My Life
- Author: Oswald Mosley
- Language: English
- Genre: Autobiography
- Publisher: Nelson
- Publication date: 1968
- Publication place: United Kingdom
- Media type: Print (hardback & paperback)
- Pages: 521
- ISBN: 0-17-142009-8
- OCLC: 245659224

= My Life (Mosley autobiography) =

Autobiography of Oswald Mosley

My Life is the autobiography of the British Fascist leader Sir Oswald Mosley (1896 – 1980). It was published in 1968.

== Background ==

Oswald Mosley was a British politician who served as a member of parliament under both the Conservative and Labour parties, and was appointed a minister by Ramsay MacDonald in 1929 before ultimately leaving the Labour party in protest of its economic policies. In 1931 he created his own fascist political party called the New Party, which became the British Union of Fascists in 1932. His turn to fascism was widely considered to be political suicide, and he never held political office again.

==Release==
The book was published in 1968. To coincide with the release of the book, the BBC broadcast a Panorama special, seen by a record audience.

==Content==
The book is structured as a sequential memoir, but it doubles as the author's personal defence against charges of antisemitism, as well as a general overview of world politics, both during his ascent, and at the time of its publication in the 1960s.

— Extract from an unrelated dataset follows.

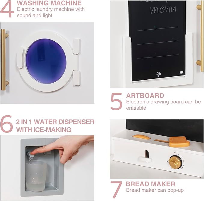 - Full kitchen set❗The large corner kitchen has been equipped with everything a little chef might need. In addition to an electric stove and microwave, it also has a oven, toaster, water dispenser, washing machine and tap. The child's fun will be enriched by the sounds and light signals emitted by the kitchen.

My Life provides Mosley's justifications for his actions and his claims that he was surprised by the violence his party engaged in, which he claims to have not endorsed. He defends the methods of fascist dictator Benito Mussolini but condemns the Holocaust. However, he argues that Adolf Hitler was not responsible for the Holocaust, and that it was brought about by nations going to war against him rather than accommodating his fascist ideology.